The Surge to Stabilize: Lessons for the UN from the AU’s Experience in Somalia

AMISOM and the Somali National Army recapture Buur-Hakba from al-Shabaab, February 23, 2013. UN Photo/Stuart Price.

In recent years, a growing number of UN peacekeepers have been mandated to carry out “stabilization” tasks. Yet the UN still has no explicit definition of or framework for this concept, and most recent stabilization operations, such as those in Afghanistan and Iraq, occurred under quite different circumstances from UN peacekeeping operations. The AU Mission in Somalia (AMISOM), which has long operated with the consent of a weak host government, in parallel with external and local forces, under a complex mandate, and with African personnel, may offer a more useful point of comparison.

The latest report by IPI investigates what lessons UN peacekeepers can draw from the AU’s experience in Somalia. AMISOM suffered from a number of political and operational challenges in its attempt to implement an effective stabilization strategy. It suffered from, inter alia, overly securitized responses, fragmented command and control, inadequate logistical support and force enablers, and a failure to significantly degrade al-Shabaab’s fighting ability or provide security to the local population.

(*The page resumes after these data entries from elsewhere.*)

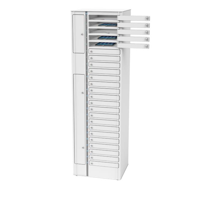 Der zioxi Volt iPad-Spind als Schrankturm mit 24 Ladefächern ist für Ihren Schulalltag einfach ideal: Verstauen und laden Sie Ihre Mobilgeräte mit Bildschirmgrößen bis 14 Zoll, wie passende iPads, Tablets oder kleine Laptops. Dank seiner kompakten Grundfläche von nur 53 x 46 cm findet der Spind dabei nahezu überall einen passenden Platz.
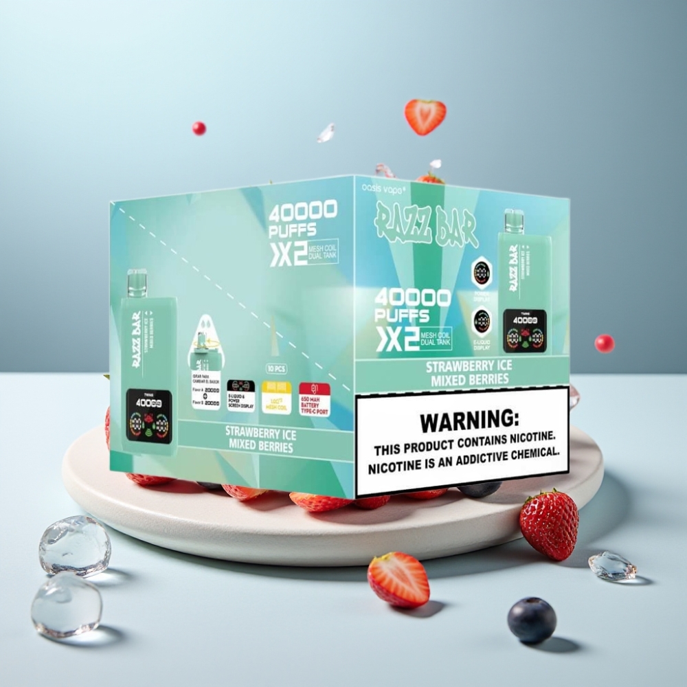 Razz Bar 40000 Puffs е висококачествено дишко устройство, предлагащо гъвкавост и дълготрайност. С нивата на никотин 2% и 5%, то отговаря на различни потребителски нужди – от безникотиново изживяване до замяна на цигари. Вградената 40ml е-течност и 40 000 затяжки гарантират продължителна употреба, а 650mAh батерията с Type-C зареждане осигурява бърза и удобна поддръжка. Иновативните Dual Mesh Coils подобряват вкуса и димопроизводството, а двойните вкусове и интелигентен дисплей правят употребата още по-персонализирана. За търговци на vape wholesale Bulgaria, Razz Bar предлага изгодни условия за едро с голям избор от популярни вкусове като Strawberry Ice, Watermelon Ice и Blue Razz Ice.
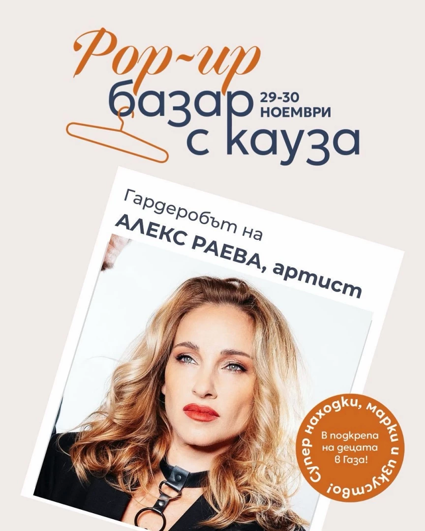 Десетки популярни личности у нас ще се включат в благотворителен Pop-up базар в подкрепа на децата в Газа. Събитието ще се проведе на 29 и 30 ноември от 10:00 до 17:00 часа, в Червената къща на ул. „Любен Каравелов“ 15 в София и обединява артисти, музиканти, дизайнери, брандове и десетки доброволци - всички застанали зад идеята, че подкрепата за най-засегнатите и уязвимите – децата, е общочовешка отговорност.
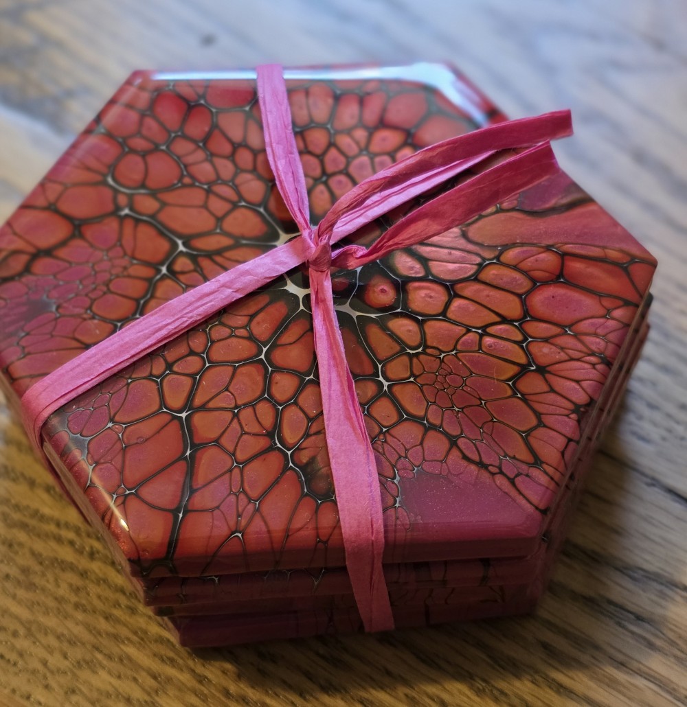 set of 4 ceramic coasters with acrylic paint and resin
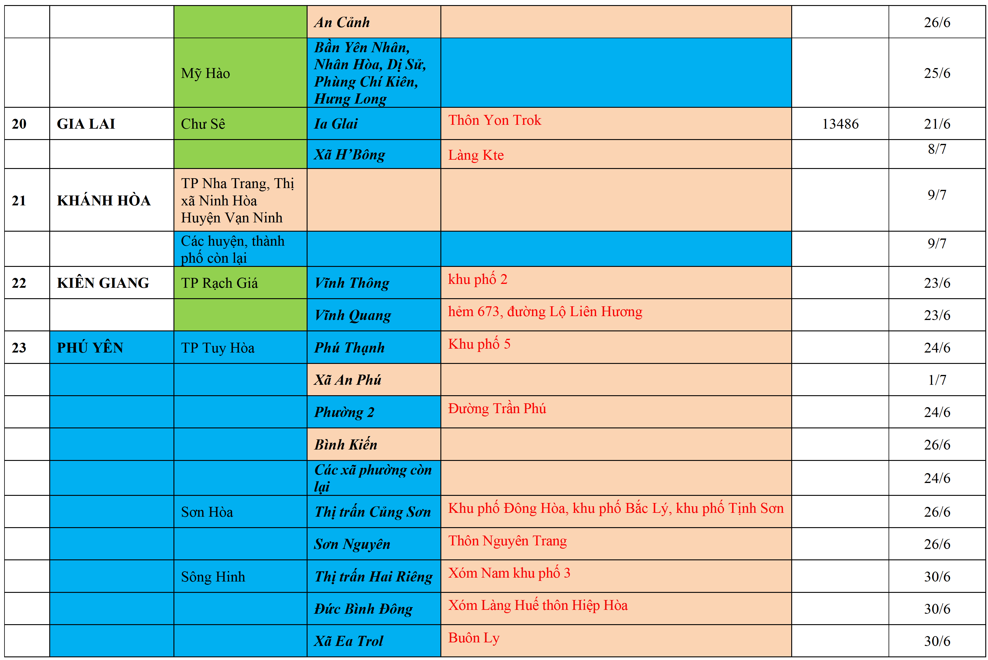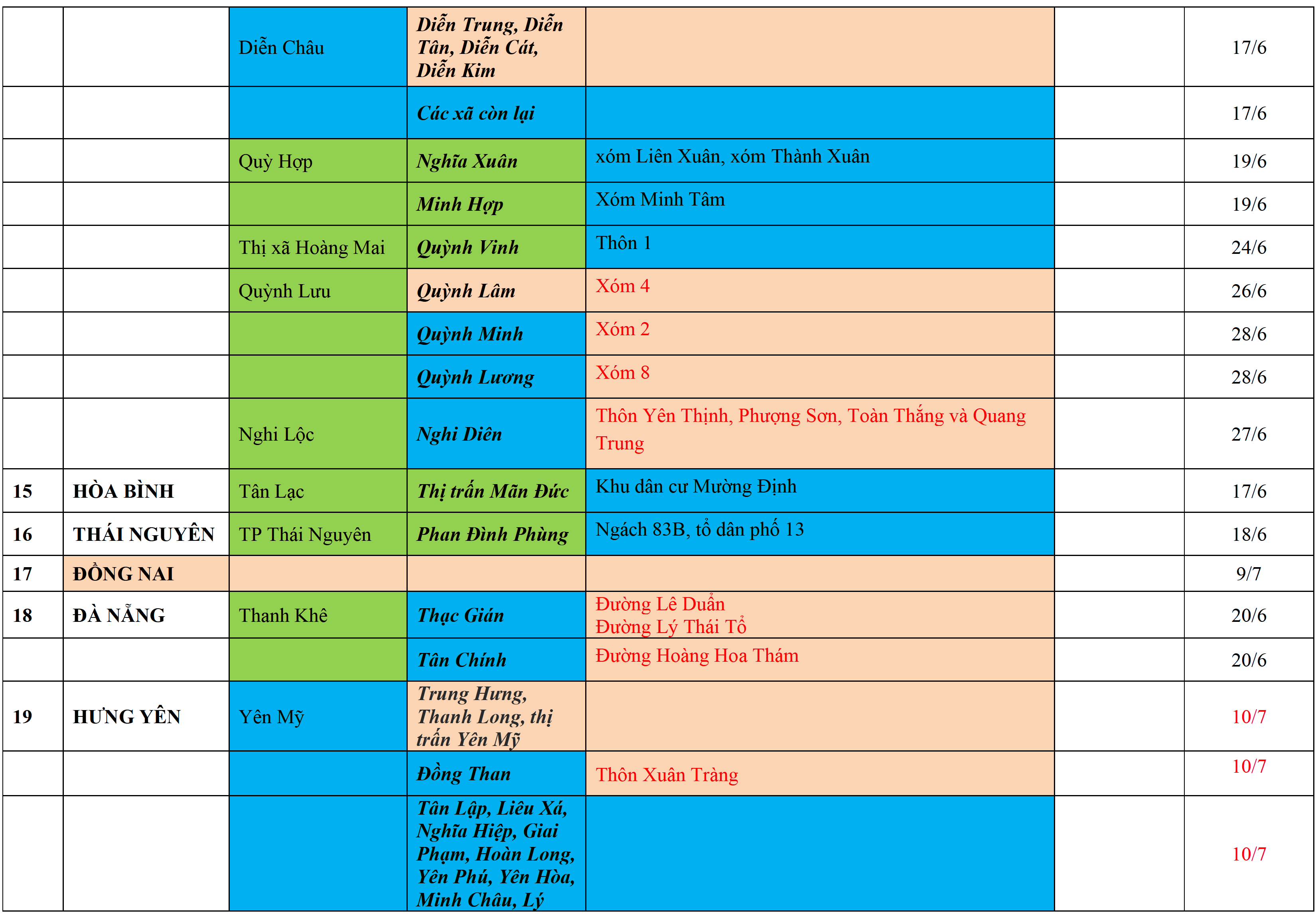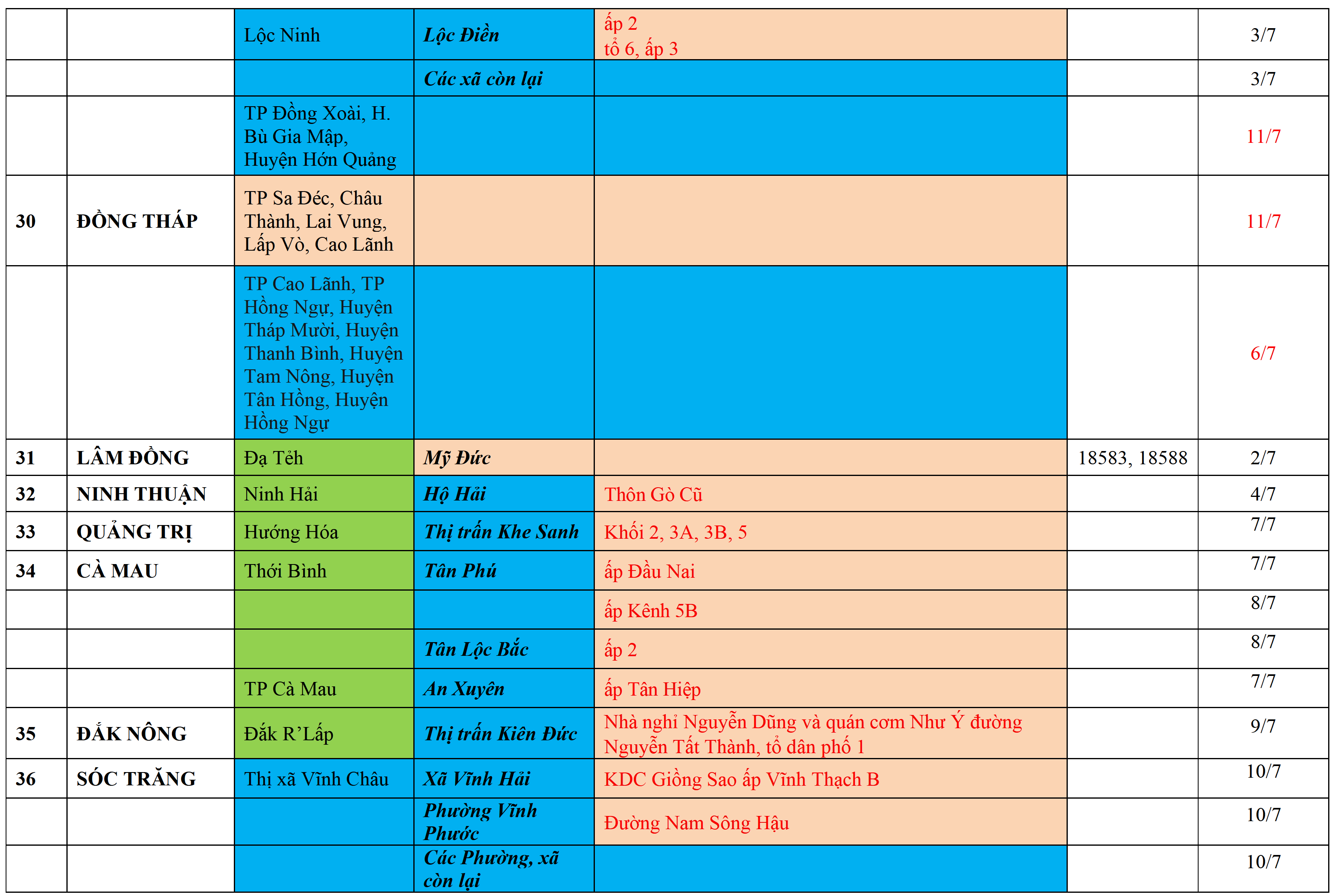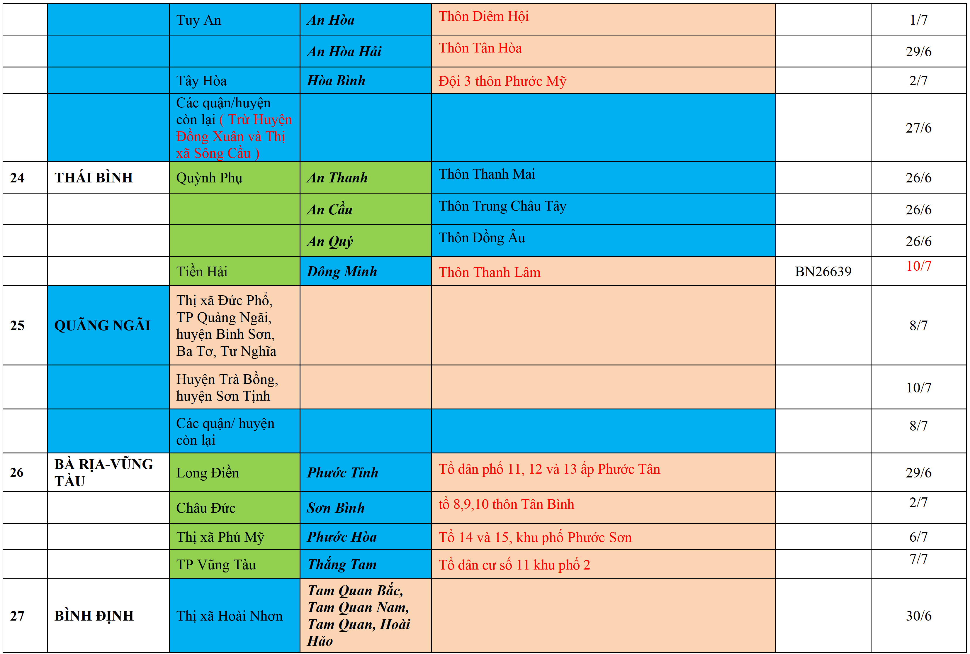 . Áp dụng biện pháp tương ứng màu sắc ô cột theo thôn xóm; xã phường; quận huyện; tỉnh thành phố. Cách ly y tế dựa vào việc tiếp xúc, đi đến địa điểm và nơi cư trú có ca bệnh, theo Thông báo của Bộ Y tế, các tỉnh thành phố.

On the basis of these challenges, the report offers nine lessons for UN peacekeepers with a mandate to stabilize:

  • Missions must be appropriately configured to fulfill their mandate.
  • The political and military elements of a stabilization strategy must be in sync.
  • Extending state authority is not synonymous with peacebuilding, at least in the short term.
  • Territorial expansion is less important than degrading the capabilities of spoilers.
  • Strategic coordination among relevant partners is a crucial, mainly political task.
  • Lack of coordination can have negative political and military effects.
  • Effective stabilization requires positive relationships between peacekeepers and the local population.
  • There can be no successful exit without building capable, legitimate, and inclusive national security forces.
  • UN organizational frameworks and bureaucratic culture are not suited to supporting war-fighting operations.